The ag machinery market fared substantially better than construction equipment, as 10% of ag equipment OEMs reported they were unable to obtain enough credit to operate, while more than 30% for heavy construction equipment manufacturers.

Roughly 47% of agricultural equipment OEMs reported that their dealers are having trouble getting the credit necessary to buy inventory, and 68% said end-users were having trouble obtaining necessary credit. The OEMs estimate that 10% of sales have been lost from such credit difficulties.

Exports
Agricultural equipment exports have grown steadily from just over $5 billion in 2004 to just over $10 billion in 2008. Typically, ag machinery exports are strong in the first half of the year while the second half is weak. This year has been a little different; the first two quarters of 2009 have barely reached the export level of 2008.

The countries that have been the largest importers of American equipment in recent years are continuing to import in 2009, although the volume has mostly declined. Surprisingly, some countries that typically do not receive large volumes of exports have shown substantial growth in 2009. Despite this growth, they are not likely to reach the same levels as the larger importers.

In some countries, oil prices drive trade. Russia was a strong consumer of agricultural equipment until recently, and the drop in the price of oil from the Urals seems to correlate with the decrease in ag equipment imports.

The top eight recipients of U.S. agricultural equipment exports have all declined. Canada has fared the best, and has traditionally been the dominant partner.

New growth in 2009, in terms of dollars, has come from some unexpected places.
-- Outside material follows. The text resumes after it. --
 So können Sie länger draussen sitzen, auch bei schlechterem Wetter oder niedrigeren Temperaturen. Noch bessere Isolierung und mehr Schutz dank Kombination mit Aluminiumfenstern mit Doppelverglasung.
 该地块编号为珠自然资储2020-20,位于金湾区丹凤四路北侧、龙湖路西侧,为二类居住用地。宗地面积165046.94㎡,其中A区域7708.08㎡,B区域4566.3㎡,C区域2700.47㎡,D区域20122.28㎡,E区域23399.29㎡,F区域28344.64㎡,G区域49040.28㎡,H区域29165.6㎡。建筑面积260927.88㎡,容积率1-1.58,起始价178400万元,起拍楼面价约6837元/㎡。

Australia’s growth ranks fairly high even though it is much less than previous years. The other countries are not known for high or consistent volume, but in terms of dollar growth in trade for 2009, they top the list.

Perception
As part of its service to members, AEM conducts quarterly surveys on various business concerns. While the results aren’t an objective measurement, they do serve as a reliable indicator. The indexes are created by taking the responses — rising, falling or staying the same — and applying a score of +1 for rising, 0 for staying the same and -1 for falling. So an above-zero index means the metric is rising, below-zero means falling.

Among other questions, AEM asks member companies whether the unit volume of demand for their products has gone up, down or stayed the same during the last quarter. We also ask them to give their outlook for the next 12 months. The chart above shows the responses for both questions. Interestingly, as unit volume of demand takes a small fall in Q2/09, the perceived outlook for the next 12 months is rising.
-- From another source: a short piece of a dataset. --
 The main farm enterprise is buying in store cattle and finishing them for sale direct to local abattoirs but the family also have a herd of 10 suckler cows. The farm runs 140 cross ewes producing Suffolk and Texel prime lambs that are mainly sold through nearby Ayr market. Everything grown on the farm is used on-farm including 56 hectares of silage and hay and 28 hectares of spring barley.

Perceived profit margins seem to have begun to drop before the recession hit, although the uptick in the most recent quarter is probably caused by changes made in response to falling demand. When considering capital spending, employment and wages, we note all began dropping quickly after demand fell. As companies make adjustments, it seems likely their profit margins will improve once demand stabilizes. It is interesting to note that capital spending dropped first, followed by employment, followed by wages.

Another factor in profitability is the relationship between prices charged for equipment and prices paid for input materials. If prices charged decline at a slower rate than prices paid, it should increase profitability, and that’s what seems to have happened in late 2008 and early 2009.

While agricultural equipment has had a smaller storm to weather than construction equipment, it’s clear that manufacturers face challenges. Members report that credit has been a serious obstacle, and smaller equipment suffers from consumer caution. Larger tractors and combines have benefited from both a strong interest in ethanol, and inescapable population growth. As the recession eases and economies improve, agricultural equipment manufacturing should follow suit.


Steve Duncan is the director of market intelligence for the Association of Equipment Manufacturers.